The records:
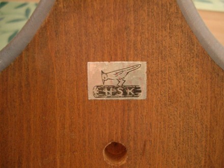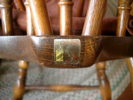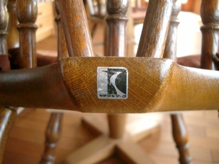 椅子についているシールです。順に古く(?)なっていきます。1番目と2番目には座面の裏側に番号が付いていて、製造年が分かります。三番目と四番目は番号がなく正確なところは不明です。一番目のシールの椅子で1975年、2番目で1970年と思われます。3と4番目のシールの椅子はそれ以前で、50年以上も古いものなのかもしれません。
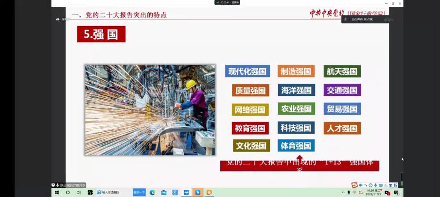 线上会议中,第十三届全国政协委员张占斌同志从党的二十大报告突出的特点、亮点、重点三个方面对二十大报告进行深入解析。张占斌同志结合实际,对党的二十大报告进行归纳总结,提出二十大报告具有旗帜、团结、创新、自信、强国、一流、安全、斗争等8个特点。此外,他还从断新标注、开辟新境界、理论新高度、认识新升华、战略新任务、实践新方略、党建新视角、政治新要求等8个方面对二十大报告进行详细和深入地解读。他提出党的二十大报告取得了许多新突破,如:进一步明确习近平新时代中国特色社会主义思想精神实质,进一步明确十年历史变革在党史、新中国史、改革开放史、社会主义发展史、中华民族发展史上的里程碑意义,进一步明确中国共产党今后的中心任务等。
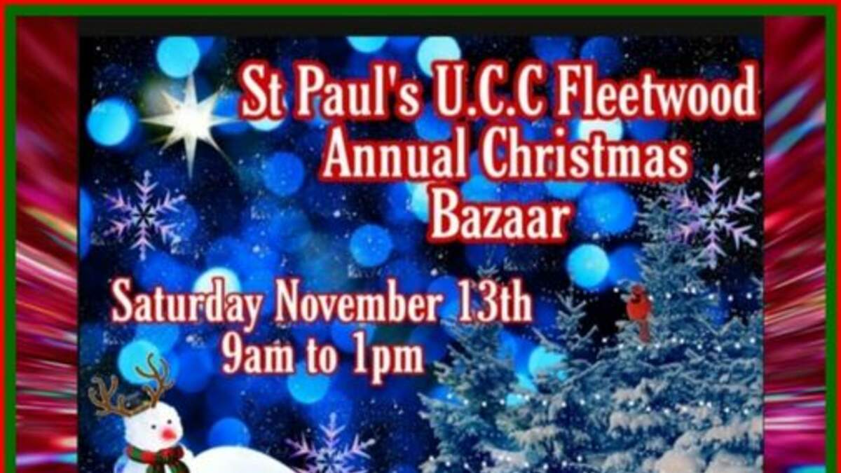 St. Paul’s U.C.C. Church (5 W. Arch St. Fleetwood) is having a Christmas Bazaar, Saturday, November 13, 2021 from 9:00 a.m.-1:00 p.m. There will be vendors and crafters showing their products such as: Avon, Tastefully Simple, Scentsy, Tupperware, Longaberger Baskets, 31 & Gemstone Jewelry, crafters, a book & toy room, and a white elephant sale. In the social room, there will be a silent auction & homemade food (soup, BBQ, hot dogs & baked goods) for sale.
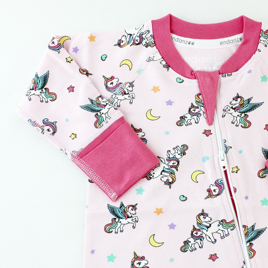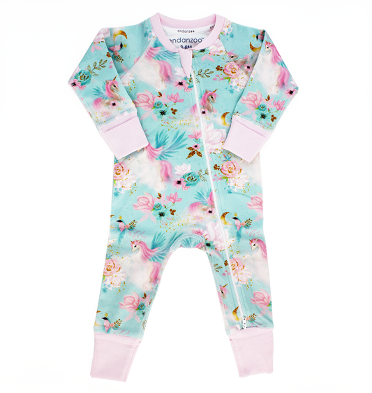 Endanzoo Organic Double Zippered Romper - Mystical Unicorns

...

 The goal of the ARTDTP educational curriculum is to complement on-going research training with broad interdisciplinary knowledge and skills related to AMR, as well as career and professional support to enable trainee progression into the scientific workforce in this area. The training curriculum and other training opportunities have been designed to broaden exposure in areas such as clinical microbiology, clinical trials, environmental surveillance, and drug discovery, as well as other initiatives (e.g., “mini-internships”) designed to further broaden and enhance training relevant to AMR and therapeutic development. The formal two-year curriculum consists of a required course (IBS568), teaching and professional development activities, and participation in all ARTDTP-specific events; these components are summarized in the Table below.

==

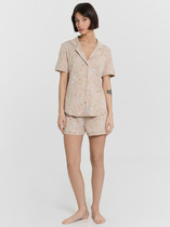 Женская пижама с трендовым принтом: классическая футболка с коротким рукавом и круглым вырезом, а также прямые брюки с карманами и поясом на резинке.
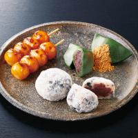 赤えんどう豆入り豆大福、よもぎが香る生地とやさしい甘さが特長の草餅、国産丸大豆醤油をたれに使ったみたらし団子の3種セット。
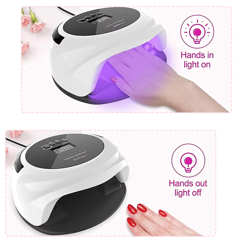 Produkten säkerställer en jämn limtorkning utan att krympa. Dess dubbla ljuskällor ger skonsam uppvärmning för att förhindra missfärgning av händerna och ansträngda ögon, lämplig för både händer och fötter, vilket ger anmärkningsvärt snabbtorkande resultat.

Exercise goal: Here the job is to copy the stretch of records from the line containing "St. Paul’s U.C.C." through the line containing "Endanzoo Organic Double", word for word. Leave every picture out.

Answer below:
 St. Paul’s U.C.C. Church (5 W. Arch St. Fleetwood) is having a Christmas Bazaar, Saturday, November 13, 2021 from 9:00 a.m.-1:00 p.m. There will be vendors and crafters showing their products such as: Avon, Tastefully Simple, Scentsy, Tupperware, Longaberger Baskets, 31 & Gemstone Jewelry, crafters, a book & toy room, and a white elephant sale. In the social room, there will be a silent auction & homemade food (soup, BBQ, hot dogs & baked goods) for sale.
 Endanzoo Organic Double Zippered Romper - Mystical Unicorns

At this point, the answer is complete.